_PROBLEM STATEMENT_
Your task is to write out the entire listing exactly, omitting its pictures.

_STORED DATA_
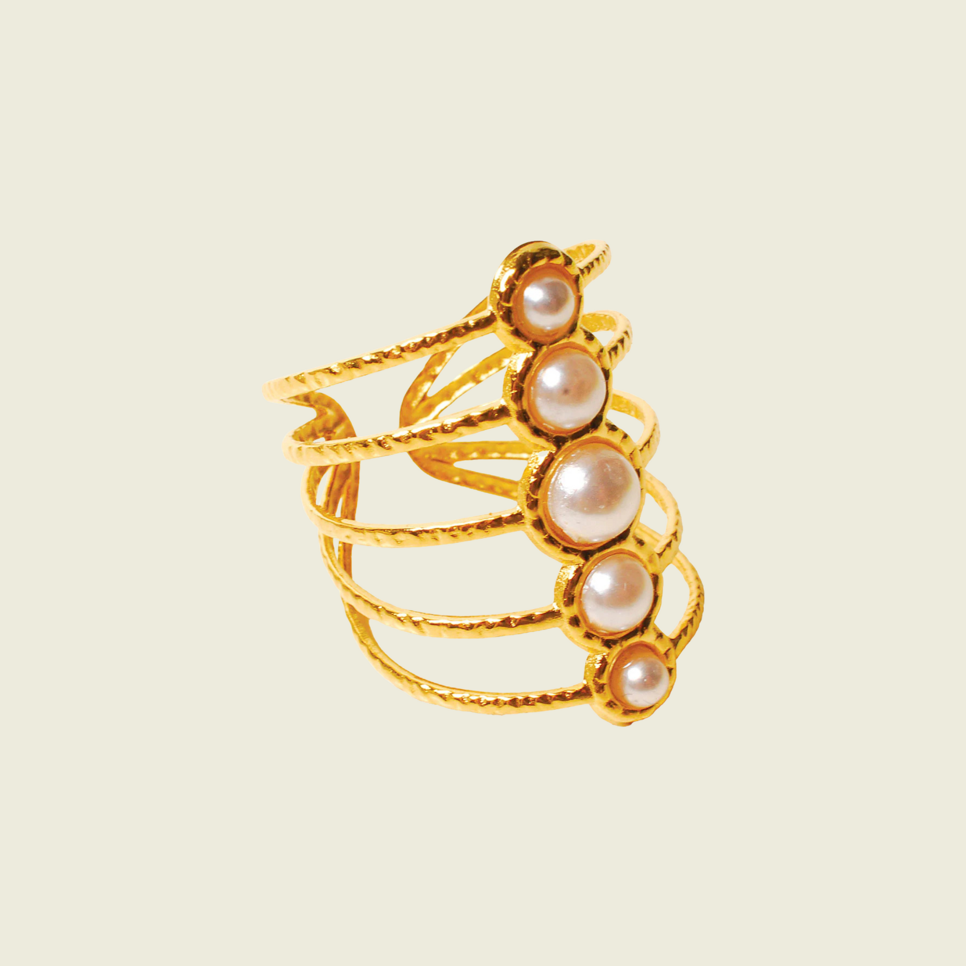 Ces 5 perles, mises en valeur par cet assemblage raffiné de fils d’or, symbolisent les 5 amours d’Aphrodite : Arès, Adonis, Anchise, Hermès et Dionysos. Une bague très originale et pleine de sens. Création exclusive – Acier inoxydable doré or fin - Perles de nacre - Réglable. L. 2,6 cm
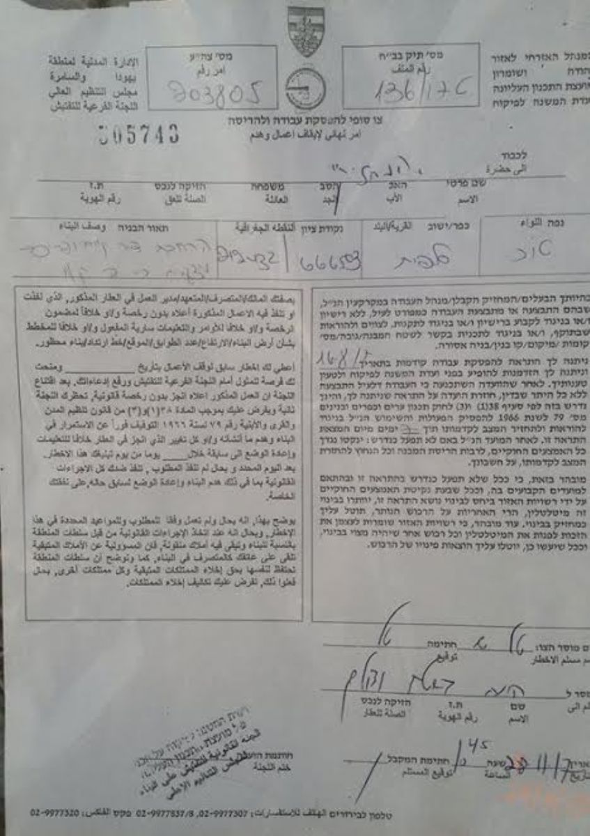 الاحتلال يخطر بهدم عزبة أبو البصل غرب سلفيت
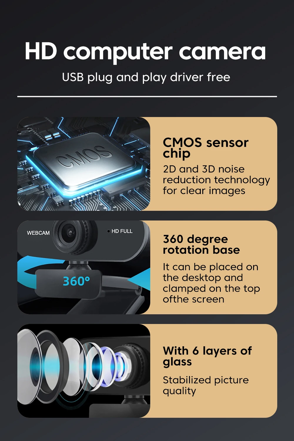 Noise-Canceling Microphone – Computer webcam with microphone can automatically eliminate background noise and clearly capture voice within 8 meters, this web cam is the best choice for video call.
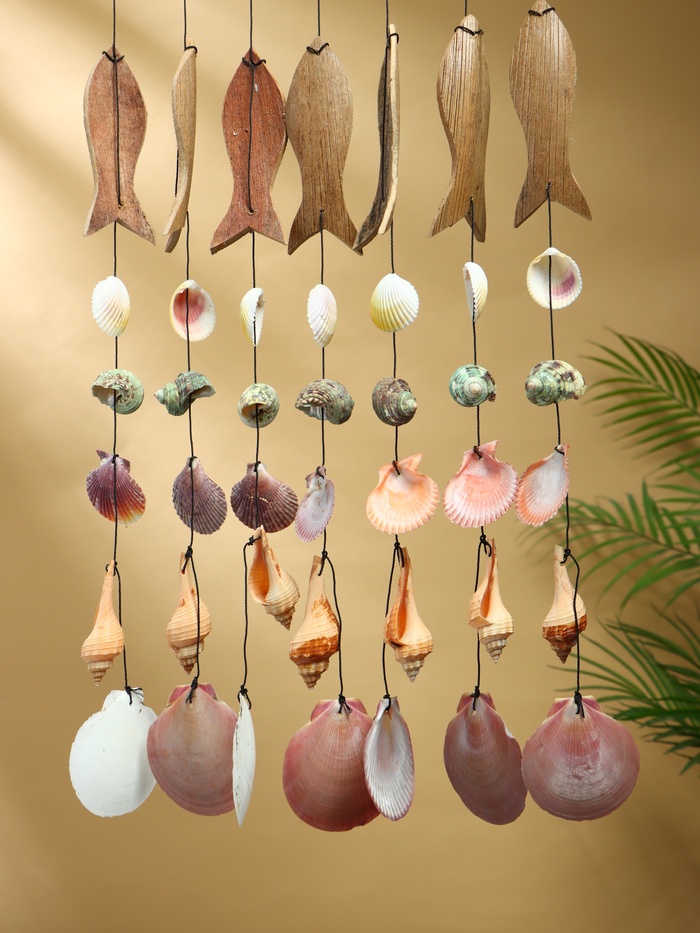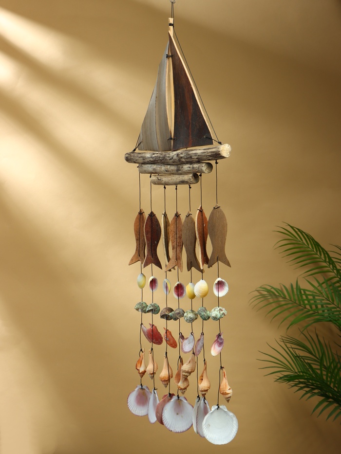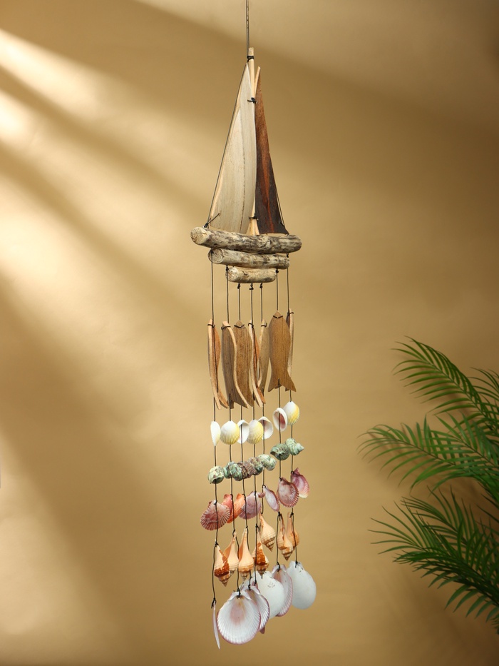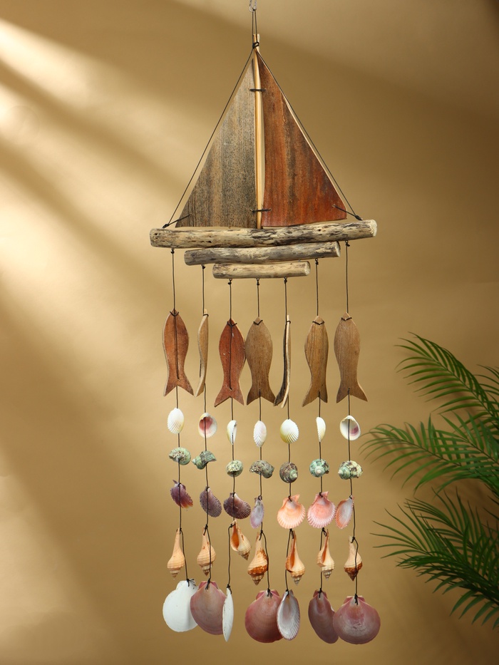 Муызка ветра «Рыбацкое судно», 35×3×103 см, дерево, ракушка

_TASK ANSWER_
 Ces 5 perles, mises en valeur par cet assemblage raffiné de fils d’or, symbolisent les 5 amours d’Aphrodite : Arès, Adonis, Anchise, Hermès et Dionysos. Une bague très originale et pleine de sens. Création exclusive – Acier inoxydable doré or fin - Perles de nacre - Réglable. L. 2,6 cm
 الاحتلال يخطر بهدم عزبة أبو البصل غرب سلفيت
 Noise-Canceling Microphone – Computer webcam with microphone can automatically eliminate background noise and clearly capture voice within 8 meters, this web cam is the best choice for video call.
 Муызка ветра «Рыбацкое судно», 35×3×103 см, дерево, ракушка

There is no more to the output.